[Data items]
============================================================

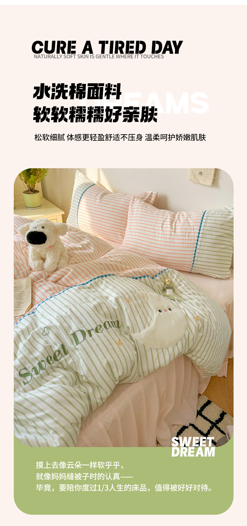 贝凯瑞 2026款仿棉木棉水洗棉绣花ins小清新床裙床单款四件套-星月语 星月语-奶油晴川,星月语-奶油晴川
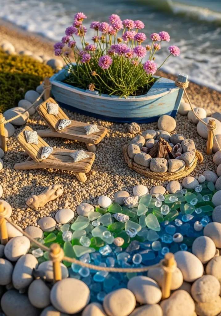 Create seaside atmosphere with pale pebbles, driftwood elements, and miniature nautical details. This theme works well for covered porches or protected outdoor areas.
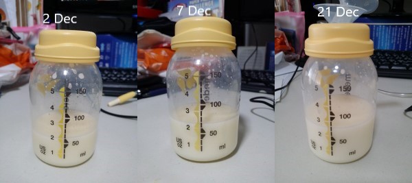 Pumping three hourly continued till Emilee was six months old. I was afraid to drop any pumps because I wasn’t producing a whole lot of milk. I listened in envy as other mums spoke of how they produced a litre of milk or more a day. Here I was, with a maximum production of 700ml combined from both boobs a day.
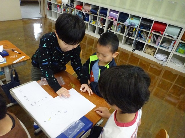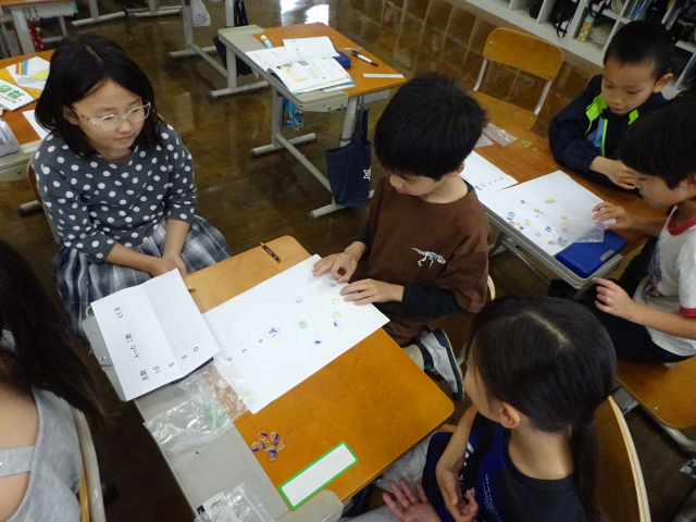 今日は、おはじきを使ってゲームをしました。
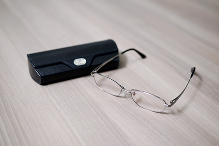 44歳の時、近眼だった目のレーシック治療を受けた。医師からは40歳を過ぎて受けると老眼が早まると言われたが、気にせず手術を受け、視力が回復し快適な生活が続いた。ところが2年後「ご飯が白い塊に見えた」。老眼がみるみる進み、眼鏡が手放せなくなった。仕事で使っているのは、福井県のブランド「E-BRIGHTS(イーブライツ)」のもの。丈夫なチタンフレームとシンプルなデザインが気に入っている。自宅では、リビングや書斎などすべての部屋にそれぞれ老眼鏡を置いており「これがないと何も読めない」。視界をクリアにするために欠かせないアイテムになっている。
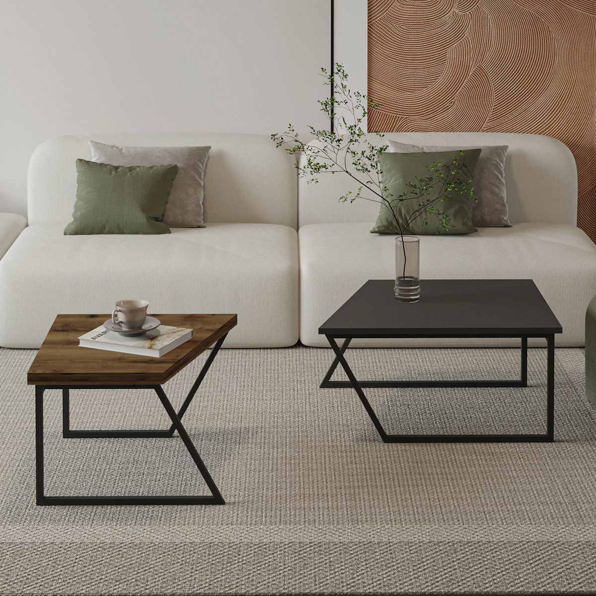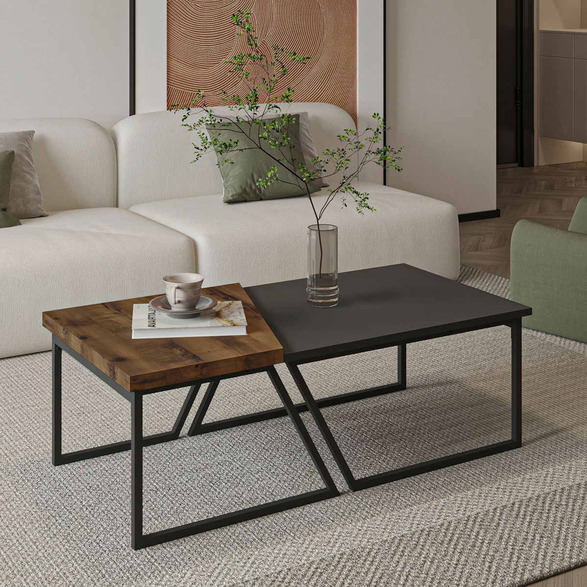 Set stolića za kavu Veronico (antracit + rustikalni orah)
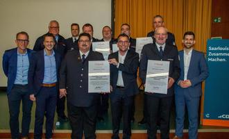 Die Vertreter der vier Saarlouiser Löschbezirke, der Jugendfeuerwehr, der Fördervereine sowie der Wehrführer Knut Kempeni mit dem Saarlouiser Stadtverbandsvorsitzenden Marc Speicher MdL sowie Raphael Schäfer MdL, Frank Wagner MdL und Carsten Quirin.
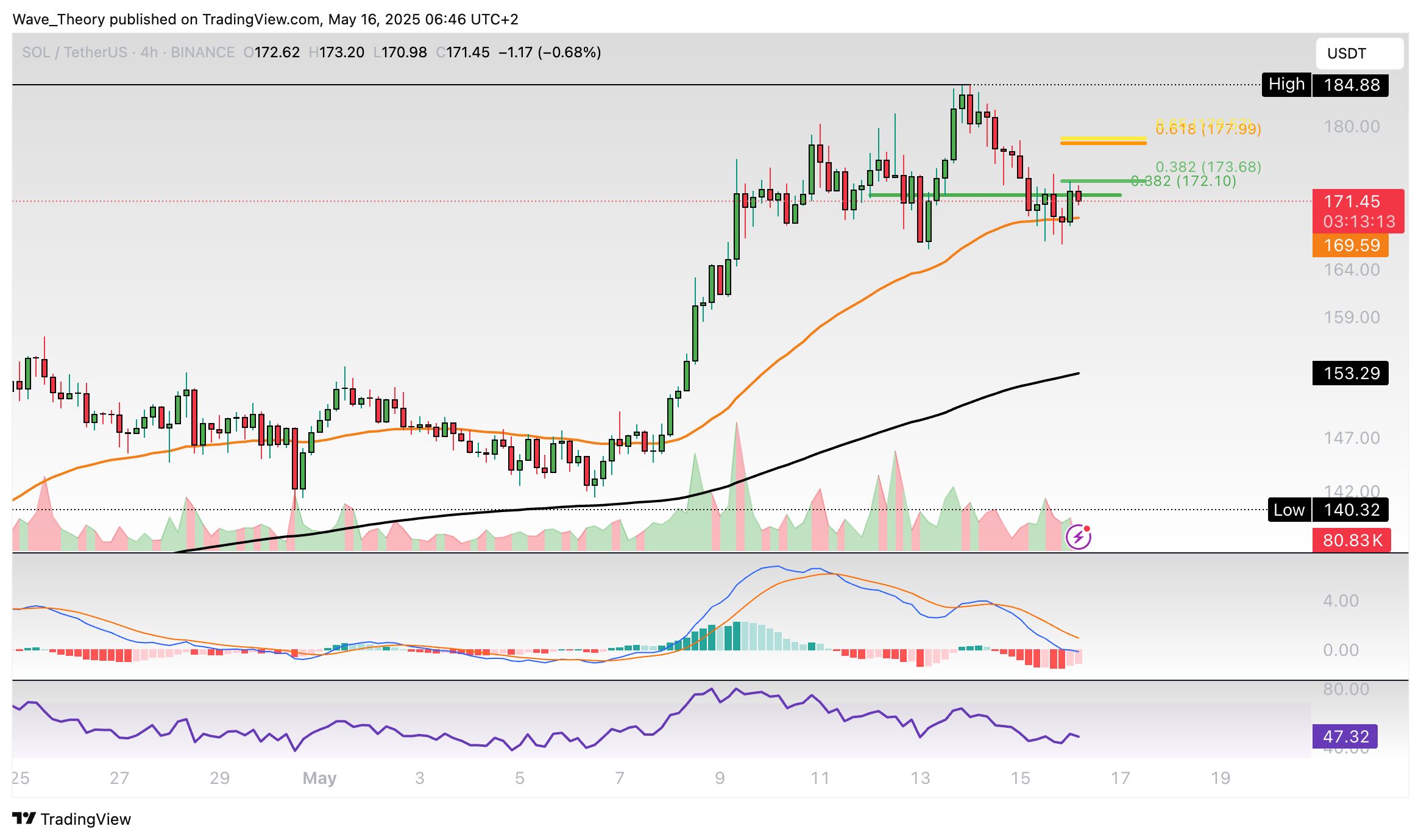 Der Solana Kurs konnte den 0,382 Fib Widerstand bei rund 172 USD brechen
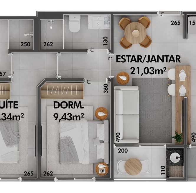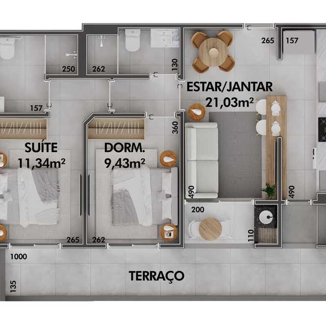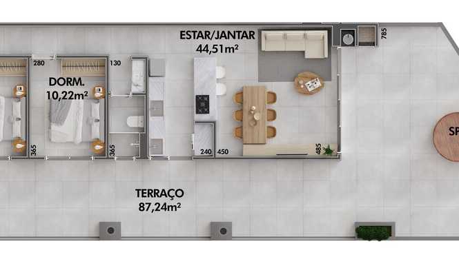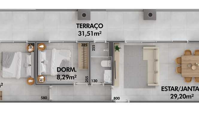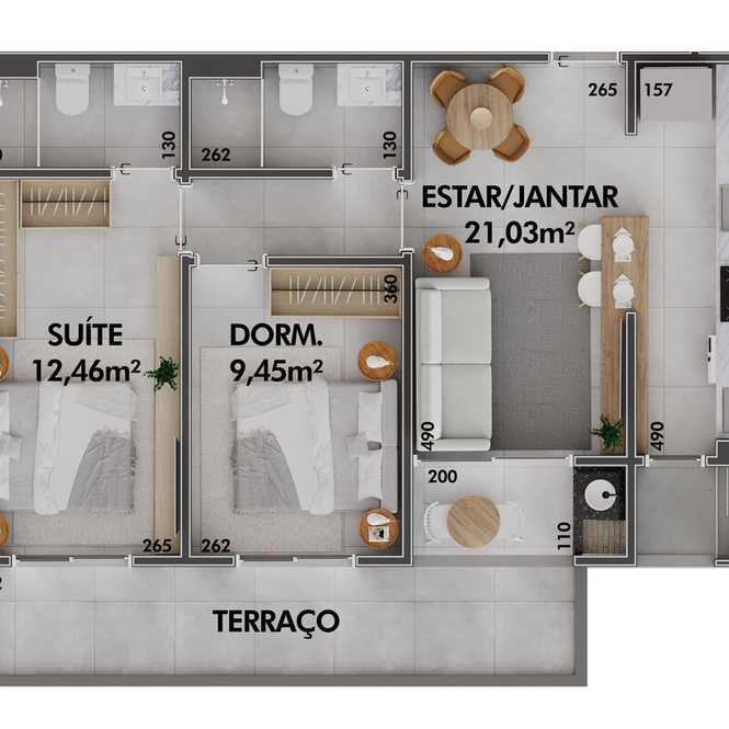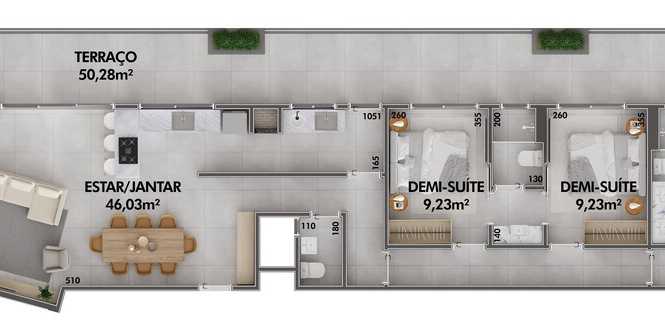 • Planta 03 - 1 dorm 61,96m² - duplex

============================================================

◆ Aim of the exercise
Set down the data exactly as it appears, without any images.

◆ Reply to the task
 贝凯瑞 2026款仿棉木棉水洗棉绣花ins小清新床裙床单款四件套-星月语 星月语-奶油晴川,星月语-奶油晴川
 Create seaside atmosphere with pale pebbles, driftwood elements, and miniature nautical details. This theme works well for covered porches or protected outdoor areas.
 Pumping three hourly continued till Emilee was six months old. I was afraid to drop any pumps because I wasn’t producing a whole lot of milk. I listened in envy as other mums spoke of how they produced a litre of milk or more a day. Here I was, with a maximum production of 700ml combined from both boobs a day.
 今日は、おはじきを使ってゲームをしました。
 44歳の時、近眼だった目のレーシック治療を受けた。医師からは40歳を過ぎて受けると老眼が早まると言われたが、気にせず手術を受け、視力が回復し快適な生活が続いた。ところが2年後「ご飯が白い塊に見えた」。老眼がみるみる進み、眼鏡が手放せなくなった。仕事で使っているのは、福井県のブランド「E-BRIGHTS(イーブライツ)」のもの。丈夫なチタンフレームとシンプルなデザインが気に入っている。自宅では、リビングや書斎などすべての部屋にそれぞれ老眼鏡を置いており「これがないと何も読めない」。視界をクリアにするために欠かせないアイテムになっている。
 Set stolića za kavu Veronico (antracit + rustikalni orah)
 Die Vertreter der vier Saarlouiser Löschbezirke, der Jugendfeuerwehr, der Fördervereine sowie der Wehrführer Knut Kempeni mit dem Saarlouiser Stadtverbandsvorsitzenden Marc Speicher MdL sowie Raphael Schäfer MdL, Frank Wagner MdL und Carsten Quirin.
 Der Solana Kurs konnte den 0,382 Fib Widerstand bei rund 172 USD brechen
 • Planta 03 - 1 dorm 61,96m² - duplex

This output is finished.